Confidence is the most important mental quality a quarterback can possess. When your team trades you two years into a massive four-year deal, then your next team only keeps you around for a season before shipping you off again, your confidence can take a hit.
That’s the exact situation Commanders QB1 Carson Wentz found himself in mere weeks ago. After the Philadelphia Eagles signed him to a huge four-year, $128 million deal in 2019, they shipped him off 28 games into the contract to the Indianapolis Colts. There, a late-season collapse saw the Colts lose interest in Wentz as well, which is part of the reason they ultimately decided to ship him to Washington.
Despite two teams souring on the former MVP candidate in a matter of a year, one thing in Carson Wentz’s life remained constant: his faith, both in himself as a player and in his religion.
“The world’s crazy. The league is a crazy business. There’s a lot of things and a lot of people—there’s things outside of your control,” Wentz told NBC Sports Washington's JP Finlay in an exclusive one-on-one interview Thursday. “But I’ve also learned that, for me as a man of faith, there’s a lot of surrender. ‘Alright, God, this is your plan,’ a lot of that and growth in my faith.”
Adaptation is also part of life. Especially as a quarterback, going from team to team can be jarring to the system. In Philadelphia, Wentz never had the running game he enjoyed in Indianapolis. As a Colt, Wentz didn’t have the receiving core he once paired with as an Eagle.
So, Wentz could have either stuck with his style and hoped the team around him would adapt, or he could have changed himself to fit his surroundings. He chose the latter.
“But also as a player, [I’m] just trying to always re-fine tune my game and trying to always get better,” Wentz said of his journey. “If you’re trying to stay the same, it’s not gonna work. It’s not gonna work. And you learn, ‘Alright, this offseason I just want to get a couple nuggets of info and little things that are gonna help me take the next step.’”

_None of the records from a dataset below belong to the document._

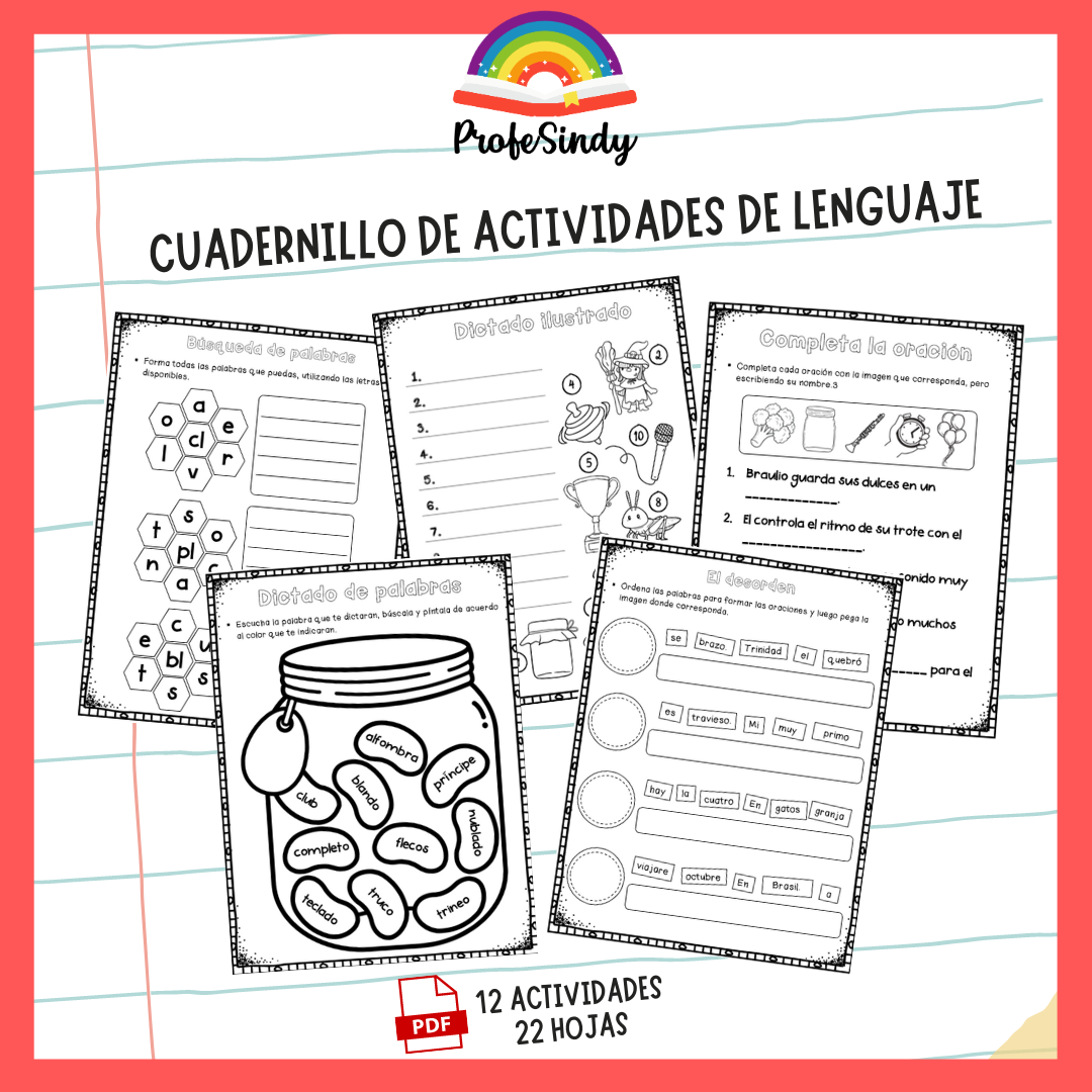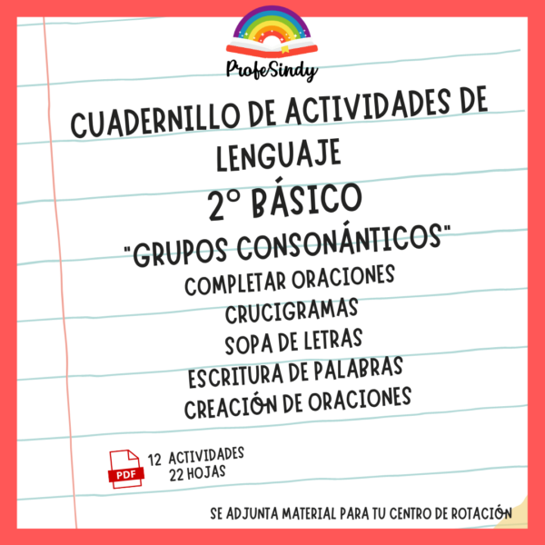 Cuadernillo de lenguaje con diversas actividades para trabajar la consolidación de los grupos consonánticos.
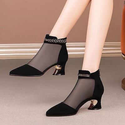 厚底シューズ ヒールパンプススニーカーシューズブーツ厚底2023春夏新作メッシュブーツチャンキーヒールサンダル中空通気性メッシュミッドヒールメッシュブーツレディース 韓国ファッション サンダル さんだ
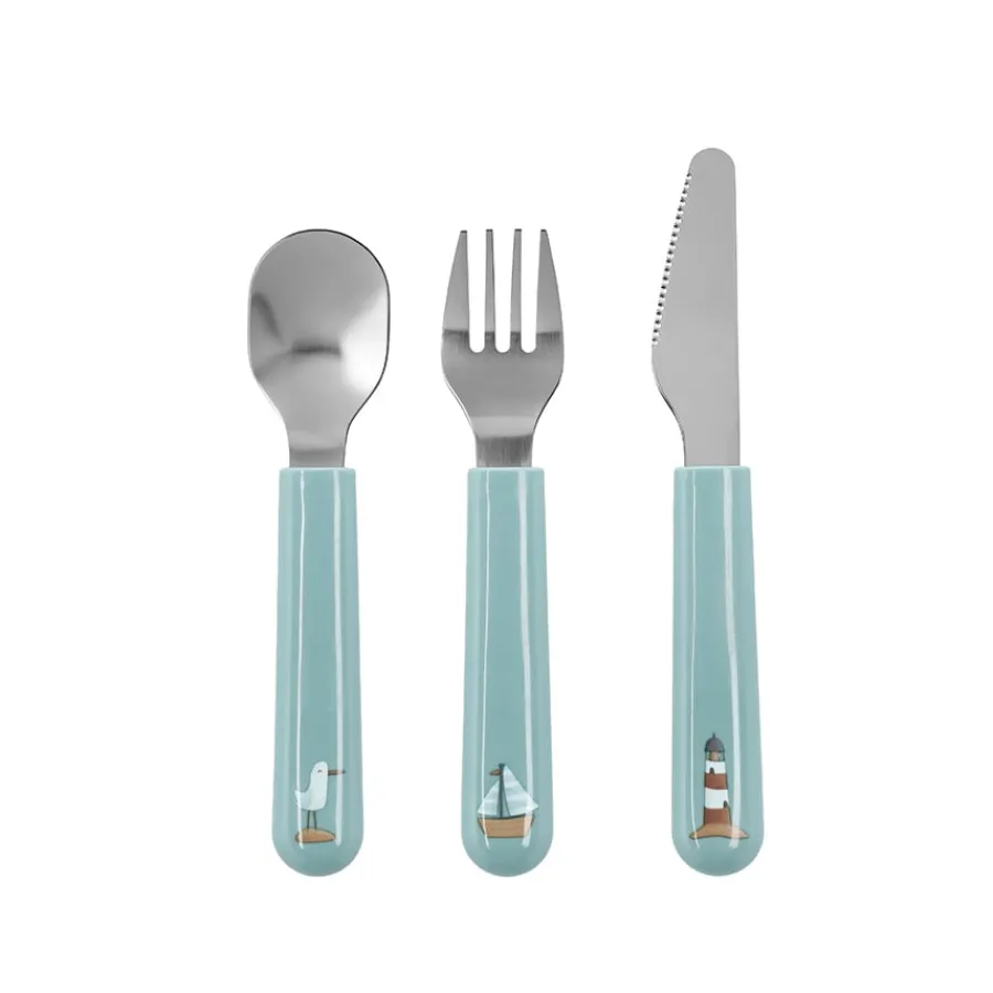 Barnebestikk fra Mepal og serien Mio. Bestikket er fremstilt i rustfritt stål og utformet med et komfortabelt håndtak i BPA-fri plast, som sikrer et godt grep for de små. Delene er laget for barn på 12 måneder og oppover. Settet inneholder en skje, en spisekniv og en gaffel som tåler oppvaskmaskin.
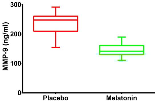 Compared with the placebo, MMP-9 levels were reduced in the melatonin group (248 ng/mL (211–259) vs. 142 ng/mL (130–161) p < 0.001). The distribution of this molecule between groups can be observed in Figure 3. After controlling for weight, hemoglobin and number of diseased coronary vessels, the treatment with melatonin reduced the levels of MMP-9 to 90 ng/mL (95% CI 77.3–102.6).
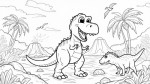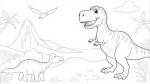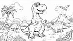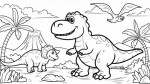 Children's Coloring Book Illustration of Smiling Cartoon Tyrannosaurus Rex, Baby Triceratops, and Pterodactyl in Prehistoric Landscape
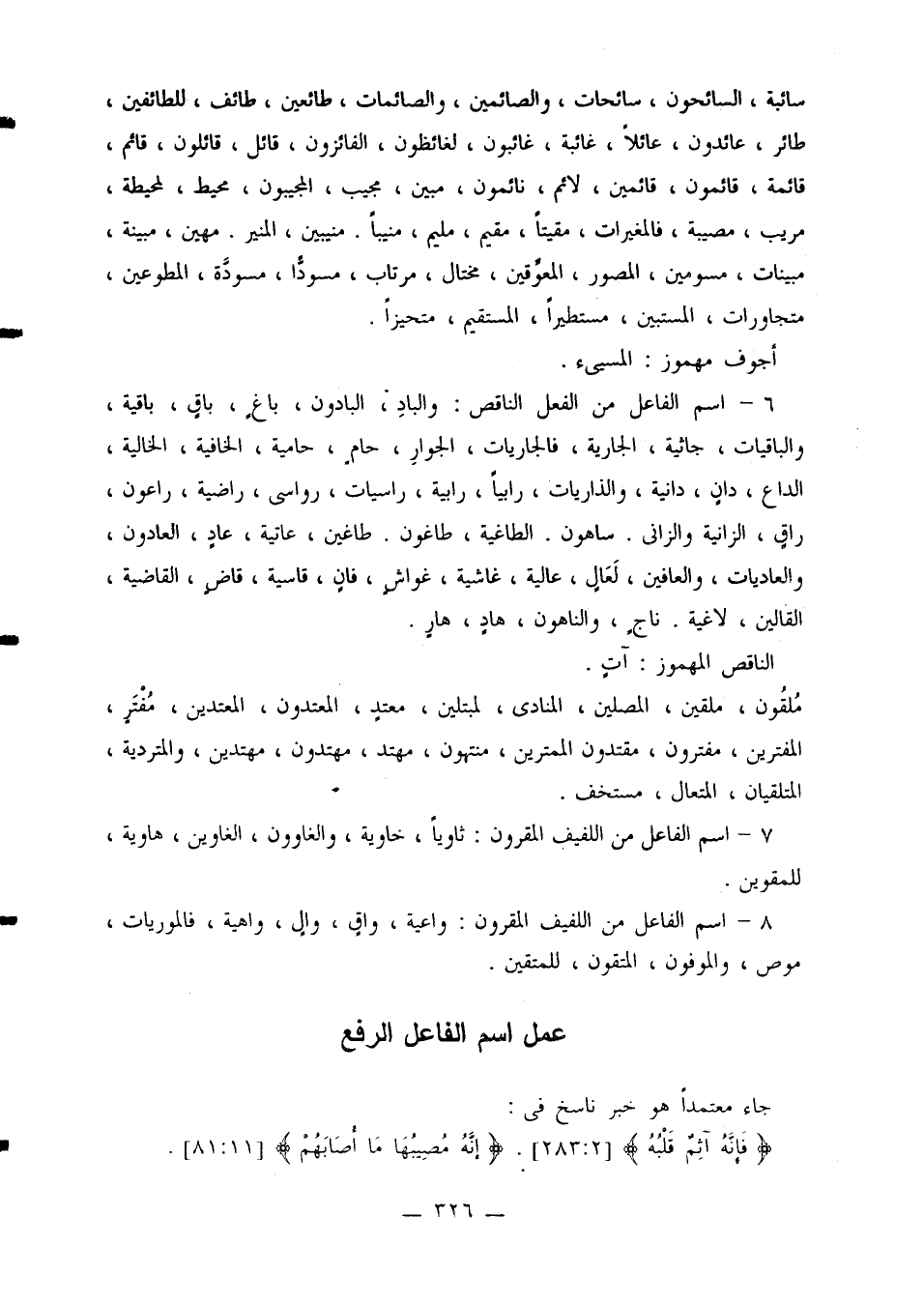 1 - لا بد له من الاعتماد وأن يكون بمعنى الحال أو الاستقبال فلا يعمل النصب، وهو بمعنى الماضي، وقوله تعالى {وكلبهم باسط ذراعيه بالوصيد} [18: 18]. حكاية الحال الماضية وأجاز الكسائي وهشام عمله، وهو بمعنى الماضي. البحر 6: 109، الكشاف 2: 709.
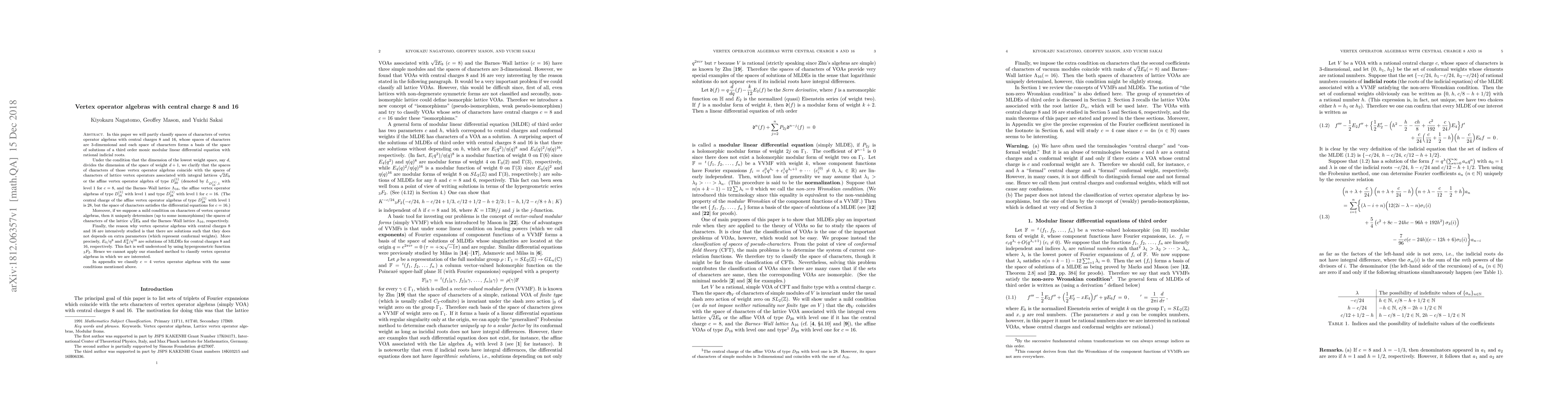 We will partially classify spaces of characters of vertex operator algebras $V$ with central charges 8 and 16, such that the spaces of characters is 3-dimensional and the characters forms a basis of the solution space of a third order monic modular linear differential equation with rational indicial roots. Assuming a mild arithmetic condition, we show that the space of characters of $V$ coincides with the space of characters of lattice vertex operators associated with integral lattices $\sqrt{2}E_8$ or the affine vertex operator algebra of type $D_{20}^{(1)}$ for $c=8$, and the Barnes--Wall lattice $\Lambda_{16}$, the affine vertex operator algebras of type $D_{16}^{(1)}$ with level 1 and type $D_{28}^{(1)}$ with level 1 for $c=16$. (The central charge of the affine vertex operator algebra of type $D_{28}^{(1)}$ with level 1 is 28, but the space of characters satisfies the differential equations for $c=16$.) Supposing a mild condition on characters of $V$, then it uniquely determines (up to isomorphism) the spaces of characters of the lattice $\sqrt{2}E_8$ and the Barnes--Wall lattice $\Lambda_{16}$, respectively. The reason why vertex operator algebras with central charges 8 and 16 are intensively studied is that there are solutions which do not depend on extra parameters (which represent conformal weights). This fact is well understood using the hypergeometric function $3F2$. Hence we cannot apply our standard method to classify vertex operator algebras in which we are interested. In appendix we classify $c=4$ vertex operator algebras with the same conditions mentioned above.
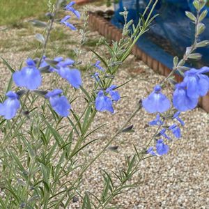 おはようございます👋 サルビア アズレア💙 1m程に伸びた先に小さな青いお花が 咲いています💙 ゆらゆらする姿もとっても可愛いです😆
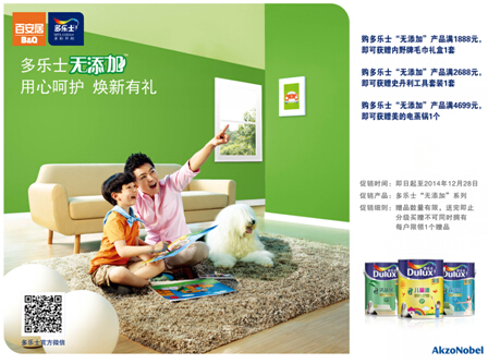 為了能讓更多的家庭享受和體驗多樂士環保無添加產品的優異環保品質,從即日起到2014年12月28日多樂士聯合百安居,在廣州、深圳百安居指定門店舉行“多樂士無添加,用心呵護,煥新有禮”的大型團購活動。以豐厚的回饋感謝廣大消費者對多樂士無添加的喜愛和關注。

Wentz arrives in D.C. a seasoned, six-year veteran of the NFL. He’s enjoyed the highs of his 2017 campaign in Philadelphia, in which he came third in MVP voting amid an Eagles’ Super Bowl run. But he’s also seen the depths of what a down season can look like—like when he threw for 16 touchdowns and 15 interceptions in 2020 before getting benched for Jalen Hurts.
The good news, though, is that both the highs and lows of Wentz’s career have provided him with opportunities to learn and improve.
“For me, now I’m 29 and [when] you start to get older and you’ve played for a while, you see the game differently,” Wentz said. “You know there’s gonna be ups and downs and you try, as a leader, to stay the same and stay right here and not let the roller coaster of a season get the best of you or your teammates.”
Now, Wentz dons the Burgundy & Gold with that knowledge in tow. He’ll hope to discontinue the quarterback carousel the Commanders have endured for decades, even if he has one year left on his contract. Washington’s front office is sure excited for him to take the field, and Wentz is too.
“For most guys, there’s a window of time. So for me, it’s ‘Let’s do everything I can for as long as I can to be the best I can,’” Wentz said. “And I look forward to doing that.”